▸ SOURCE MATERIAL:
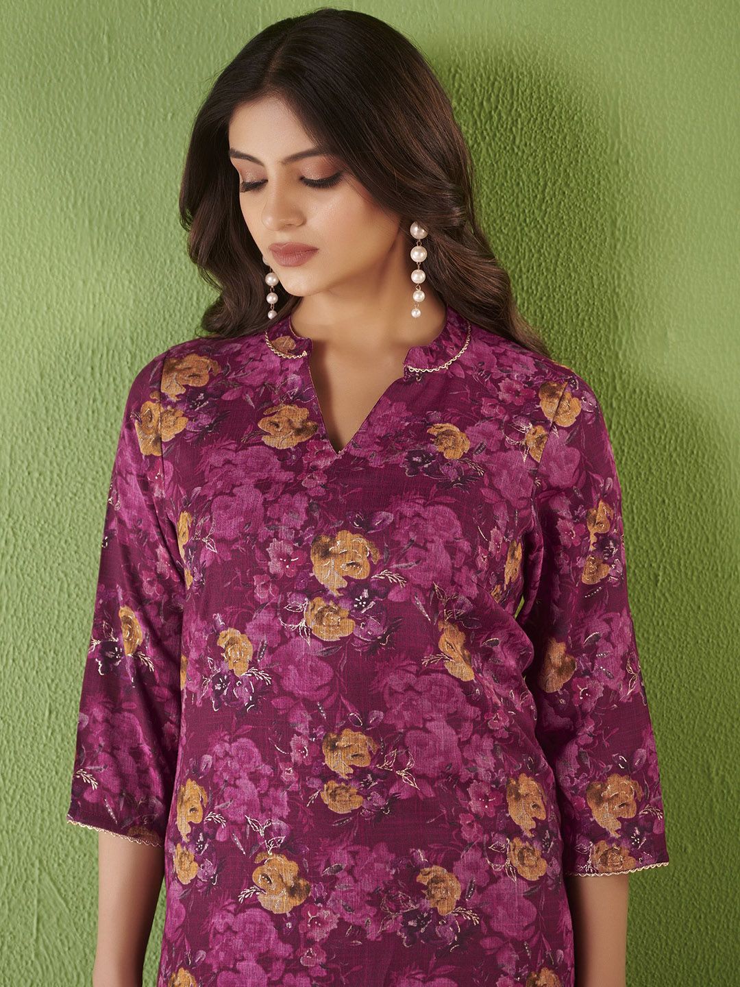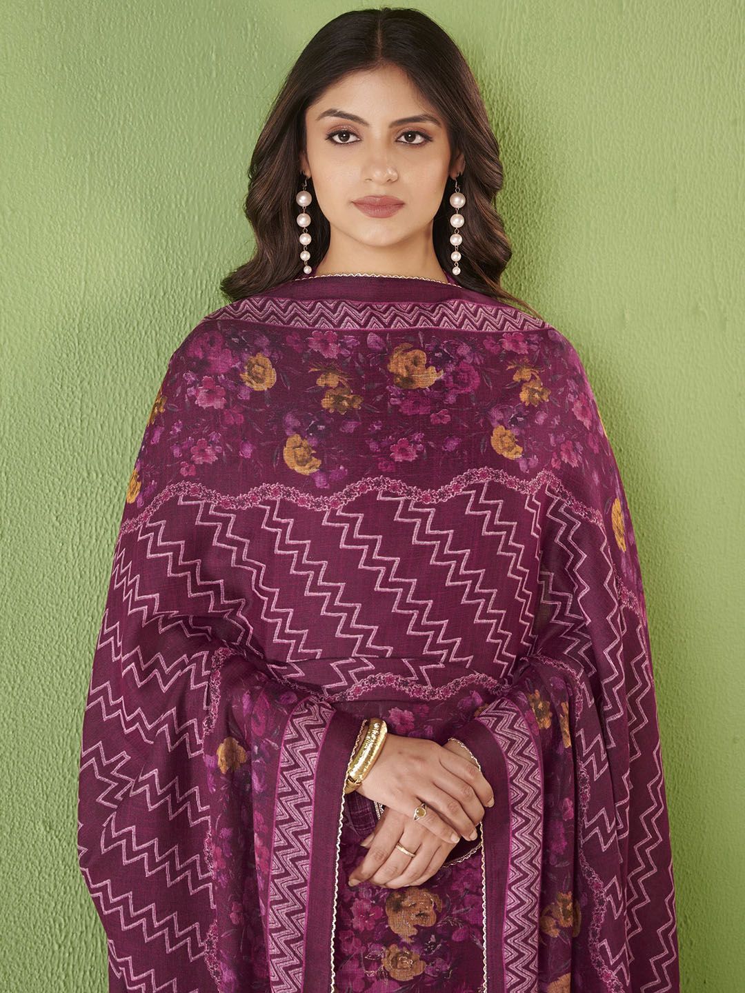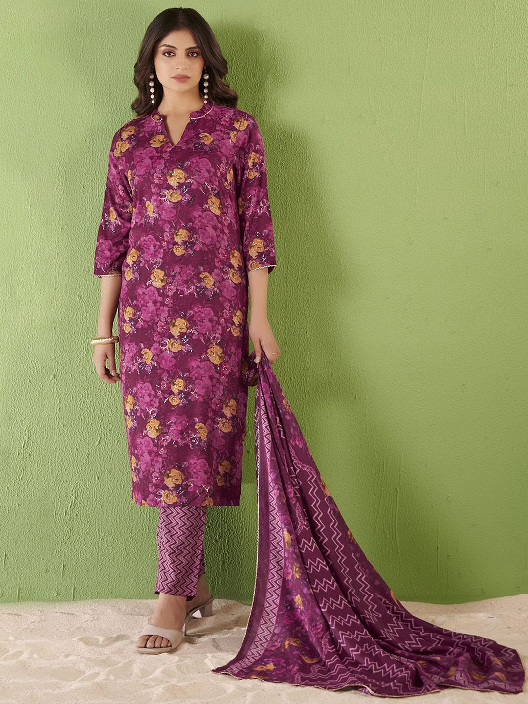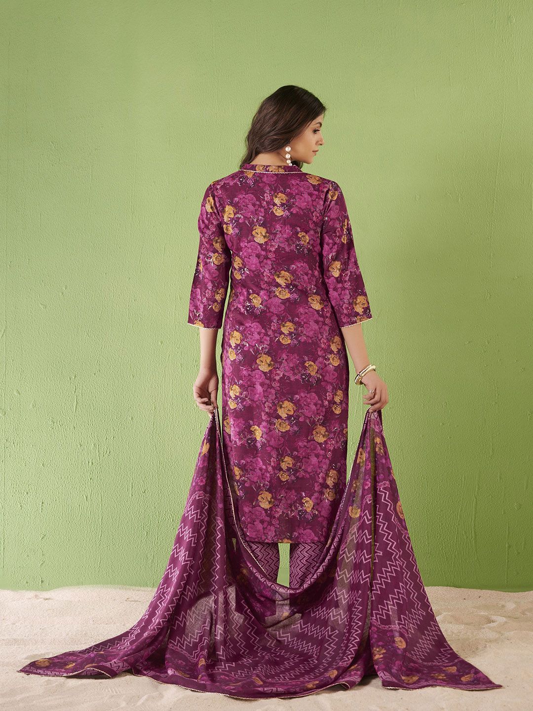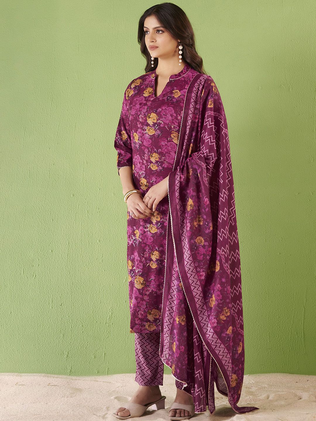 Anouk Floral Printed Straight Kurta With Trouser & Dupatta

...

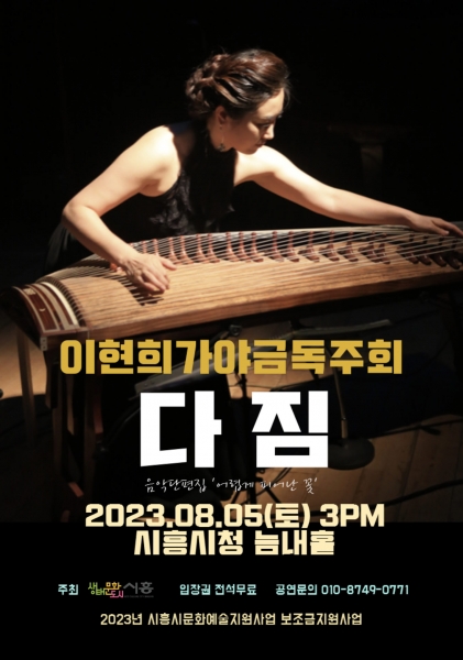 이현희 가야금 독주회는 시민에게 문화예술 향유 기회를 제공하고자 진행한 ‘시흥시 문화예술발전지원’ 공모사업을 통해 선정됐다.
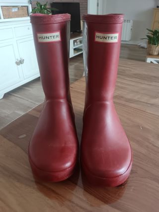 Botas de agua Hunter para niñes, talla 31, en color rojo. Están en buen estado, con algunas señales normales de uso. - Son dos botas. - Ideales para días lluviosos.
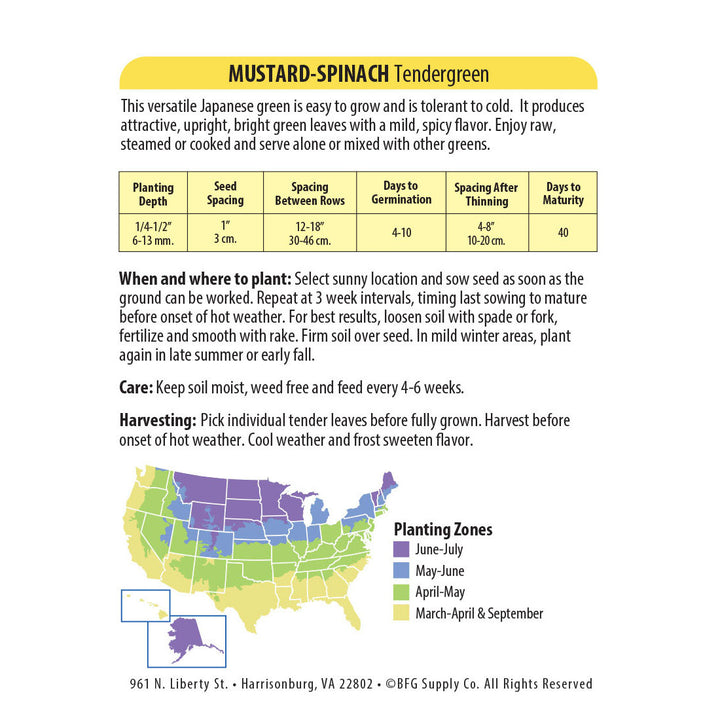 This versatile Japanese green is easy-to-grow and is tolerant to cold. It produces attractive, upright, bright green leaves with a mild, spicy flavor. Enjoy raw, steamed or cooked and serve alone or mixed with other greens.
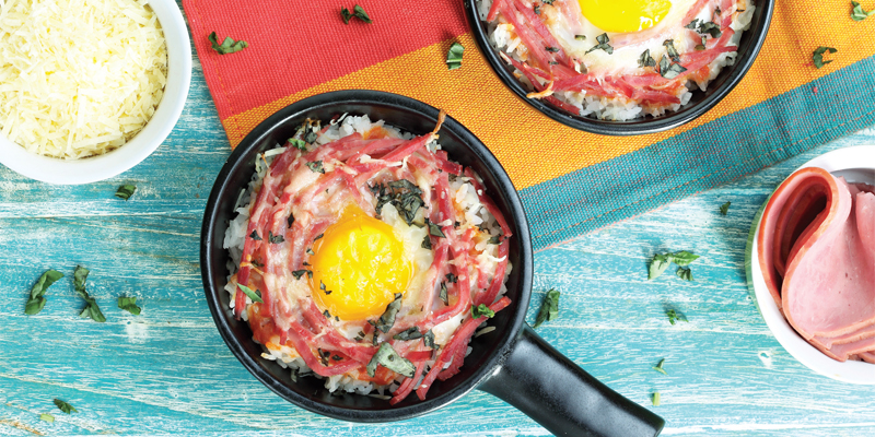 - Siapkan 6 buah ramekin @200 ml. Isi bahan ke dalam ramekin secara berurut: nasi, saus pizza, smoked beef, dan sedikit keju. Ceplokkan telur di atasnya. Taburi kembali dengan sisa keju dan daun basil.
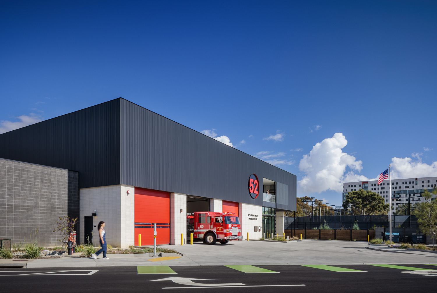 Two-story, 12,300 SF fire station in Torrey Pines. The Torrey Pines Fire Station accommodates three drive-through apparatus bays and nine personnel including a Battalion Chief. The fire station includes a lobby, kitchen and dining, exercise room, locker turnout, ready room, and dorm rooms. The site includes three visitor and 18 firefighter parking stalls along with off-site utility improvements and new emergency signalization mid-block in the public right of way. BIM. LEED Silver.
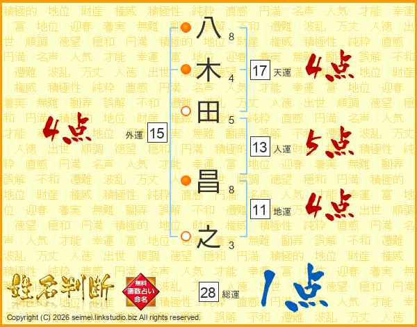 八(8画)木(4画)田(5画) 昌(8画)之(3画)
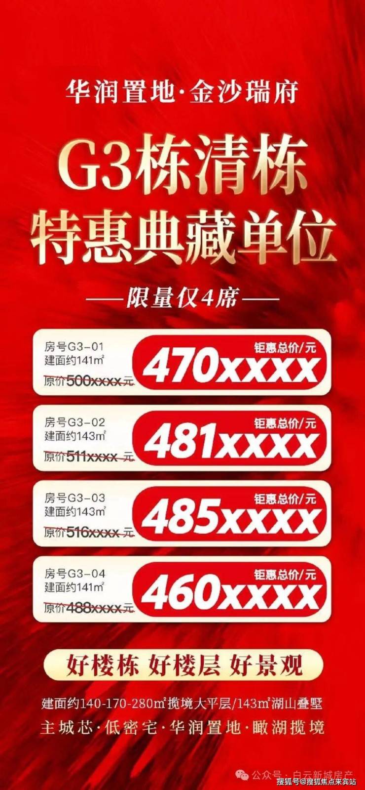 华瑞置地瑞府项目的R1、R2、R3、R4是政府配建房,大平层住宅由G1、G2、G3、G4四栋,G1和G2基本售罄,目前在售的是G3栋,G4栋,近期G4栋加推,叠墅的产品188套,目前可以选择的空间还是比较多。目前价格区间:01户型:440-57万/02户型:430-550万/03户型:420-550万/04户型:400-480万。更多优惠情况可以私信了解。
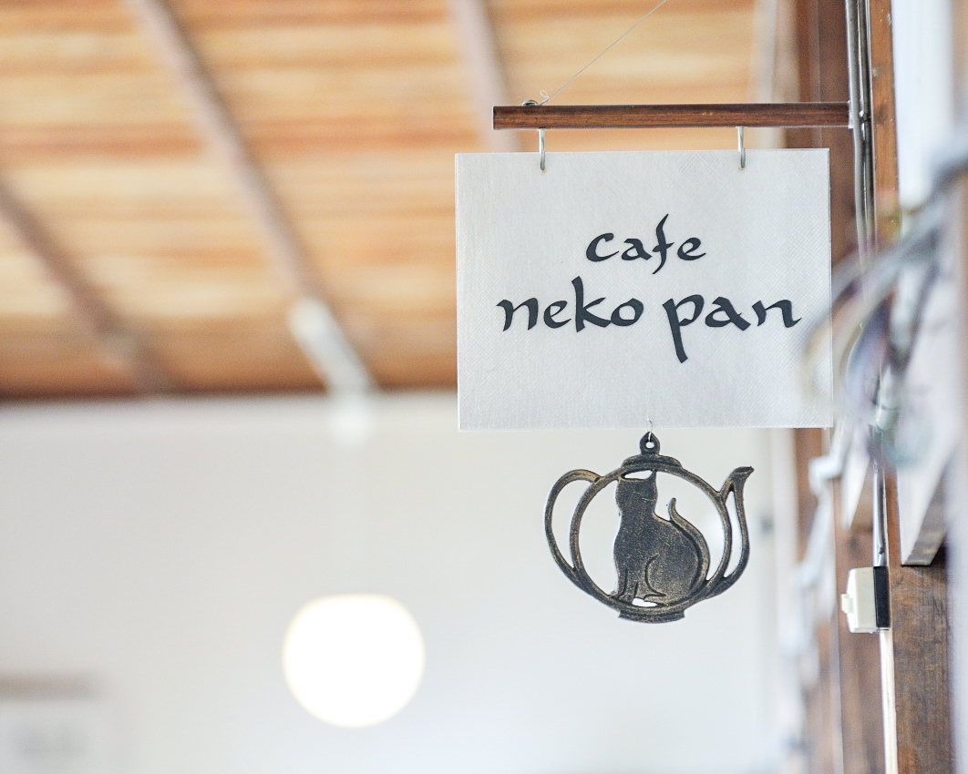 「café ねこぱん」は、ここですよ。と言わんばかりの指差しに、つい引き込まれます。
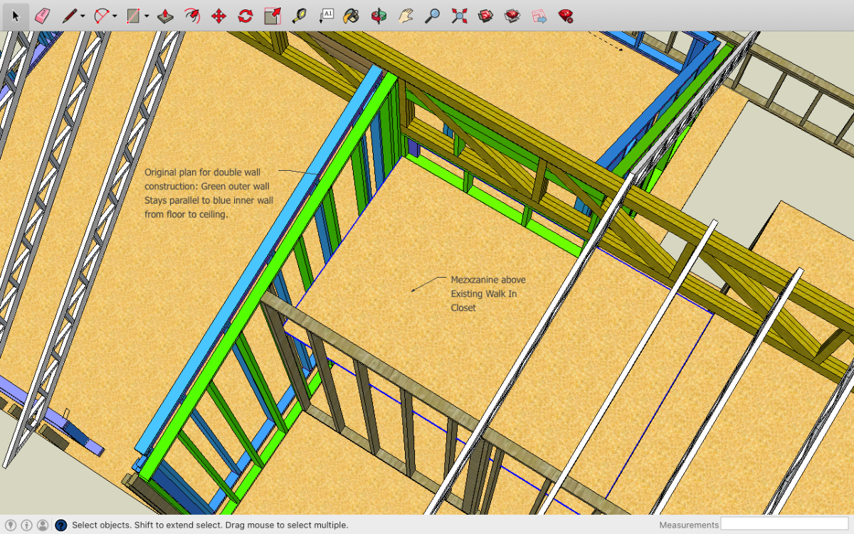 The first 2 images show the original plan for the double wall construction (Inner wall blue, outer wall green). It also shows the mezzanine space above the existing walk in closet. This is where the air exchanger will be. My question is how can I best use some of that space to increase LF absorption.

▸ DESCRIPTION OF THE TASK: Above are the records; restate exactly the lines from the one containing "Two-story, 12,300 SF" through the one containing "The first 2", keeping pictures out.

▸ SOLUTION FOR THIS TASK:
 Two-story, 12,300 SF fire station in Torrey Pines. The Torrey Pines Fire Station accommodates three drive-through apparatus bays and nine personnel including a Battalion Chief. The fire station includes a lobby, kitchen and dining, exercise room, locker turnout, ready room, and dorm rooms. The site includes three visitor and 18 firefighter parking stalls along with off-site utility improvements and new emergency signalization mid-block in the public right of way. BIM. LEED Silver.
 八(8画)木(4画)田(5画) 昌(8画)之(3画)
 华瑞置地瑞府项目的R1、R2、R3、R4是政府配建房,大平层住宅由G1、G2、G3、G4四栋,G1和G2基本售罄,目前在售的是G3栋,G4栋,近期G4栋加推,叠墅的产品188套,目前可以选择的空间还是比较多。目前价格区间:01户型:440-57万/02户型:430-550万/03户型:420-550万/04户型:400-480万。更多优惠情况可以私信了解。
 「café ねこぱん」は、ここですよ。と言わんばかりの指差しに、つい引き込まれます。
 The first 2 images show the original plan for the double wall construction (Inner wall blue, outer wall green). It also shows the mezzanine space above the existing walk in closet. This is where the air exchanger will be. My question is how can I best use some of that space to increase LF absorption.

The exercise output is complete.